*Exercise instructions:* Within the material below, how many lines carry the word "light"? Only that number is wanted.

*Extracted material:*
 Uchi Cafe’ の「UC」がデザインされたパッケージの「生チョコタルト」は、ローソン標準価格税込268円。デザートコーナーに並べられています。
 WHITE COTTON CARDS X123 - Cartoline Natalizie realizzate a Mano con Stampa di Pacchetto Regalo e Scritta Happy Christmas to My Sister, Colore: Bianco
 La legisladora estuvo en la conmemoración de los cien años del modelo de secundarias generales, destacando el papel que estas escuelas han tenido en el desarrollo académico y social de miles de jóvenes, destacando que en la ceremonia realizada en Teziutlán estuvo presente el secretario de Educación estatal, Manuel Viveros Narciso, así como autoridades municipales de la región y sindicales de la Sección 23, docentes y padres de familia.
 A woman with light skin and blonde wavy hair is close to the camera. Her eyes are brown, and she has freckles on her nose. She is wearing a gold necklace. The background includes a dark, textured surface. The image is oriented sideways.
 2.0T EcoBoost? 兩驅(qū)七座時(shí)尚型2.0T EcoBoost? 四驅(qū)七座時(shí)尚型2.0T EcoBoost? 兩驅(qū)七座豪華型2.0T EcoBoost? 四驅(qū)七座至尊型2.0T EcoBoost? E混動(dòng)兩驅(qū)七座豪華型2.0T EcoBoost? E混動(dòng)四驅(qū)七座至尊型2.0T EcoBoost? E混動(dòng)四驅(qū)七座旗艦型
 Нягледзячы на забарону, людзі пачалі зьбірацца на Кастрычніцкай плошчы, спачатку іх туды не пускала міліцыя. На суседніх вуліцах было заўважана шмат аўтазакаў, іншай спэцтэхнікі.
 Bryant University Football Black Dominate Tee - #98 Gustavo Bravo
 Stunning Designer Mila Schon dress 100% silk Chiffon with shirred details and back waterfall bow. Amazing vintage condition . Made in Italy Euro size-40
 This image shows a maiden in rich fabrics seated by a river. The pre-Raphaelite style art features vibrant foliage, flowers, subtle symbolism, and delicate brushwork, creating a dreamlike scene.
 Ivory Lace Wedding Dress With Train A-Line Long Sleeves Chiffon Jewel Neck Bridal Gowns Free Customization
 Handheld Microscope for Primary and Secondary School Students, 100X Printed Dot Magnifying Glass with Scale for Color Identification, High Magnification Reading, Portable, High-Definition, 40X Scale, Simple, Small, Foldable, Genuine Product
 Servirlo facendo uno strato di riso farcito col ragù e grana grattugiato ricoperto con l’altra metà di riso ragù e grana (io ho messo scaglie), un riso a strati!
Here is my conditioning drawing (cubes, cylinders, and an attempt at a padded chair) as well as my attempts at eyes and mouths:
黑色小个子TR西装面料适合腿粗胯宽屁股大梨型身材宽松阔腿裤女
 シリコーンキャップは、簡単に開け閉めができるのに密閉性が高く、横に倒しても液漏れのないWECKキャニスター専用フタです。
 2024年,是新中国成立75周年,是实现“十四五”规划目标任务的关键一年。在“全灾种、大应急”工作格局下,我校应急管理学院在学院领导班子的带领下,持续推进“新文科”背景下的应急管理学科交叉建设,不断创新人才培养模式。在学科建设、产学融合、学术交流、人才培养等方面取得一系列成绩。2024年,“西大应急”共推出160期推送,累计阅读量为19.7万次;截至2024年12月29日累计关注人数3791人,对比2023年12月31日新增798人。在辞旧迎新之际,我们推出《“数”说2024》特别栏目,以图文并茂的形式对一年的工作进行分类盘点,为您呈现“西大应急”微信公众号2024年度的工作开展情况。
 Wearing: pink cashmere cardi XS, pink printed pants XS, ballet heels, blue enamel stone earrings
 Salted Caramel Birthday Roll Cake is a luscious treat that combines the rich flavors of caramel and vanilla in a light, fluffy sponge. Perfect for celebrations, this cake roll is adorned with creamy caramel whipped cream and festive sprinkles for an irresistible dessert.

*Response area:* 2